I do not believe that the neoclassical model of two factors of production is a decent approximation for any purpose. In the essay, I explain why the concept of aggregate labor productivity is not a useful approximation.

The main claim of the neoclassical model is that factors of production are compensated according to their marginal productivity. We do not observe this in practice. The neoclassical model says that all “labor” is compensated identically at the rate w, and all “capital” is compensated identically at the rate r. Instead, we observe heterogenous wage rates and heterogeneous returns on various forms of investment.

The neoclassical model says that the main cause for variation in wage rates should be the amount of capital per worker. To explain the difference in wages between a construction worker in the U.S. and a construction worker in Mexico, you should be able to point to much higher capital per worker in construction in the U.S. But it turns out that very little of this “capital differential” is tangible. A lot of it reflects cultural differences in management and social norms.

Suppose that you wanted to explain why software engineers are paid more at Google than at some other firm. According to neoclassical theory, that must be because their marginal product is higher at Google. But you cannot even begin to measure “marginal product.” They are working on teams that create a joint product. So the neoclassical claim is vacuous in this case–you can neither confirm nor refute it.

2. Jelski writes,

Contrary to Mr. Kling, I think culture changes are on a generational timescale–roughly 30 years.

If this is true, it does not refute my point that cultural change is accelerating. When did cultural change start occurring at a generational timescale? Probably not before the 20th century. Go back several hundred years, and hardly any cultural change took place over the span of a generation.

Suppose we were to look at measures of economic change. I think the economy is becoming more specialized at a faster rate than before.

How many companies broke into the top 100 between 2000 and 2010, and how does that compare with the number that broke in between 1980 and 1990?

How many new occupations were created between 2000 and 2010, and how does that compare with the number created between 1980 and 1990? (note: the BLS may not have been able to track this accurately)

Take the top five occupations in 1980, and calculate the change in the percentage of the labor force engaged in those occupations in 1990. Then take the top five occupations in 2000, and calculate the percentage of the labor force engaged in those occupations in 2010. If change is accelerating, then we should see a much bigger drop in the recent period.

A moonshot to overthrow neoclassical economics

Tyler Cowen gave me an idea. He described his personal moonshot. He wrote,

My goal is to be the economist who has most successfully used the internet as a platform to foment broad enlightenment.

He elaborates on this, creating a concise statement of his mission as a public intellectual.

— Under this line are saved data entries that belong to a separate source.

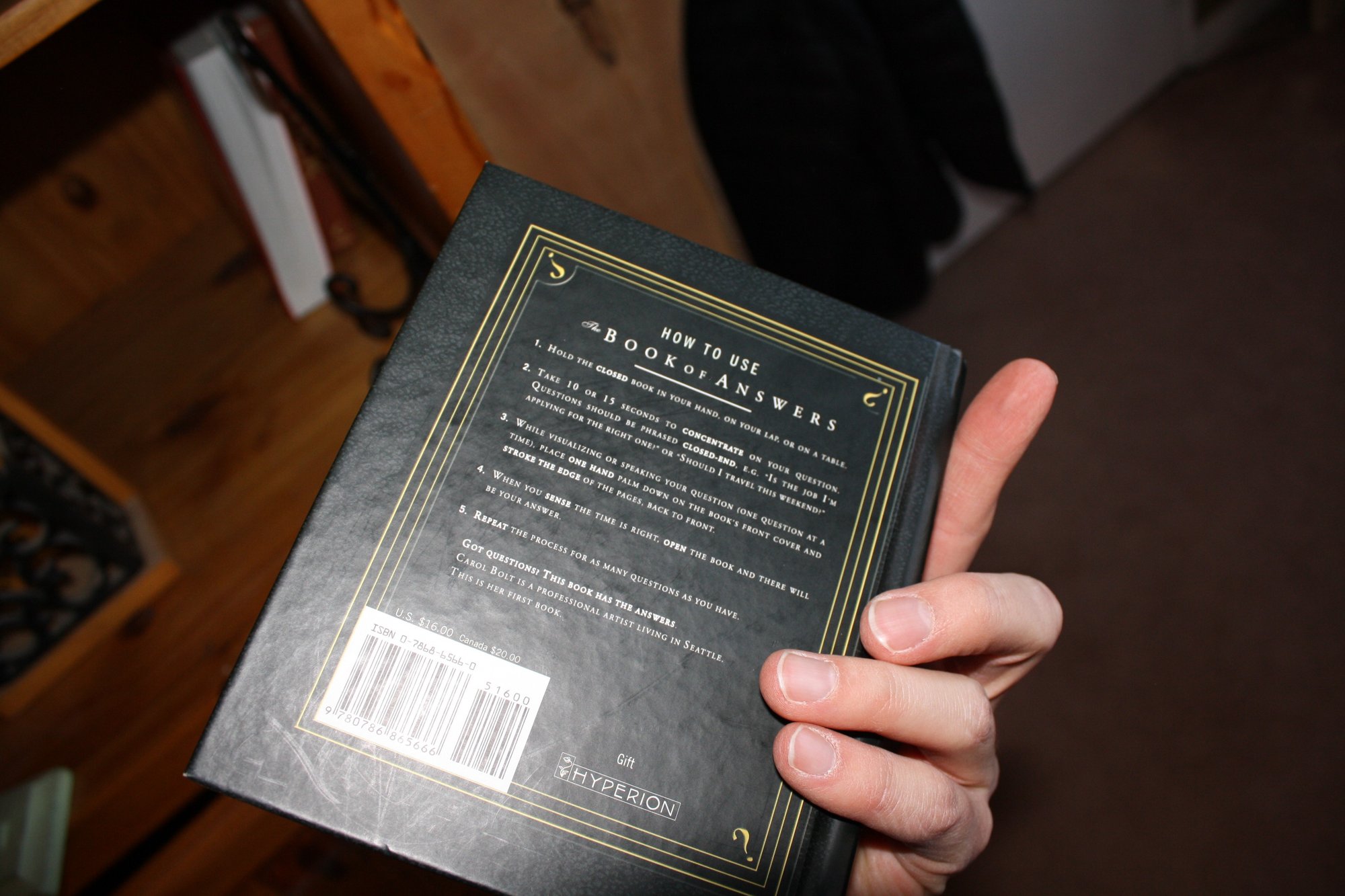 Interactive novelty book The Book of Answers by Carol Bolt. Users focus on a “yes” or “no” question and open the book to a random page to receive an answer. Hardcover design with a simple classic cover; functions like a “magic 8-ball” in book form. Non-electronic and entertaining, ideal for parties, gifts, or personal guidance fun.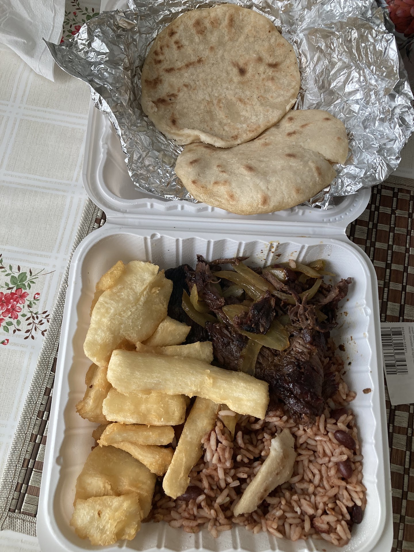 Salvadorian enchilada (Okay) - note that this is what you might know as a tostada. Forgot to get a picture but it had good pulled chicken. Tortilla was homemade and fried, rather than the chip style, but since it sat around for a long time it was super soggy and just fell apart when I picked it up. Not very appetizing but the flavors were good.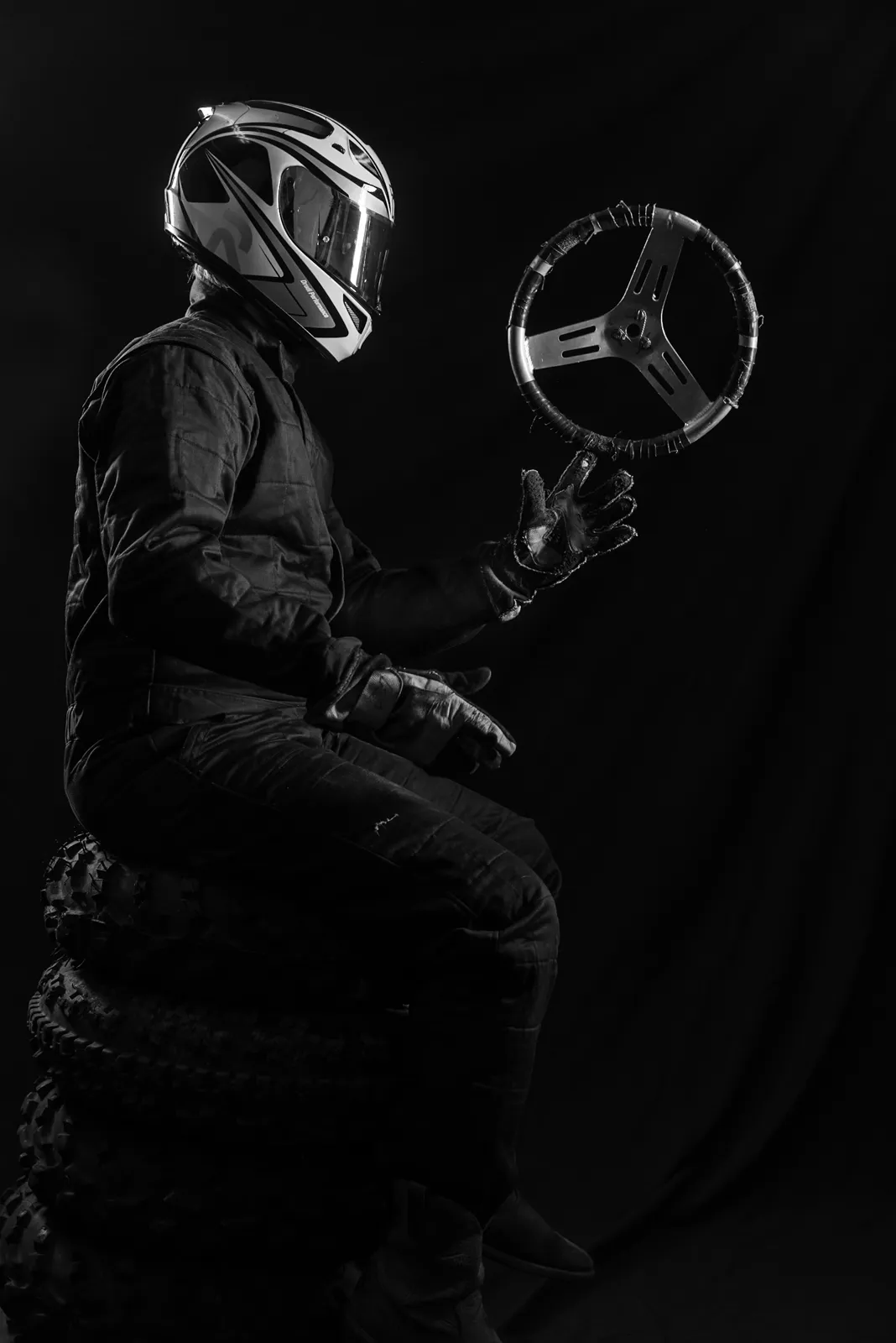 A member of the Eagle Motorsports Club holds a pose for a promo shoot.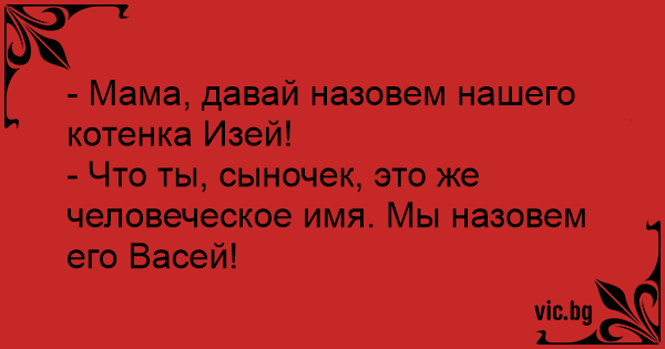 - Что ты, сыночек, это же человеческое имя. Мы назовем его Васей!

So I did something similar. Please read Overthrow Neoclassical Economics: my personal moonshot. It begins,

My personal moonshot is that I wish to be a leader in overthrowing neoclassical economics.

…As I see it, neoclassical economics is characterized by two essential propositions.

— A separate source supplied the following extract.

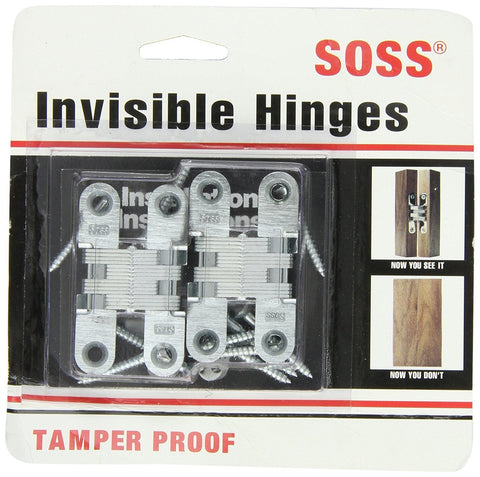 Hidden Cabinet Door Hinges For Flush Or Overlay Installations That Stay Hidden When Closed SOSS 204CUS26D Mortise Mount Invisible Hinges In Zinc Satin Chrome Finish With Four Holes Includes Wood Screws And Paper Template Opens 180 Degrees

1. Production is a process that employs two primary factors — labor and capital.
2. The distribution of returns to labor and capital reflects their respective contributions to the production process.
There are many economists, particularly on the left, who reject (2) in favor of theories of distribution that stress the role of political power. This criticism may have merit. But my criticism is more fundamental than that. I reject (1) as a useful description of the contemporary economy.

In neoclassical economics, individual productivity is inherent in the technology and the amount of capital per worker. In reality, it is way more complicated than that. Indeed, there are power relationships, but it is way more complicated than that. Technology and relative power are not sufficient to determine individual productivity and compensation. Everything depends on who you are teamed up with, how you are organized, the overall culture in which you are embedded, and other factors, including ongoing dynamics and expected future changes.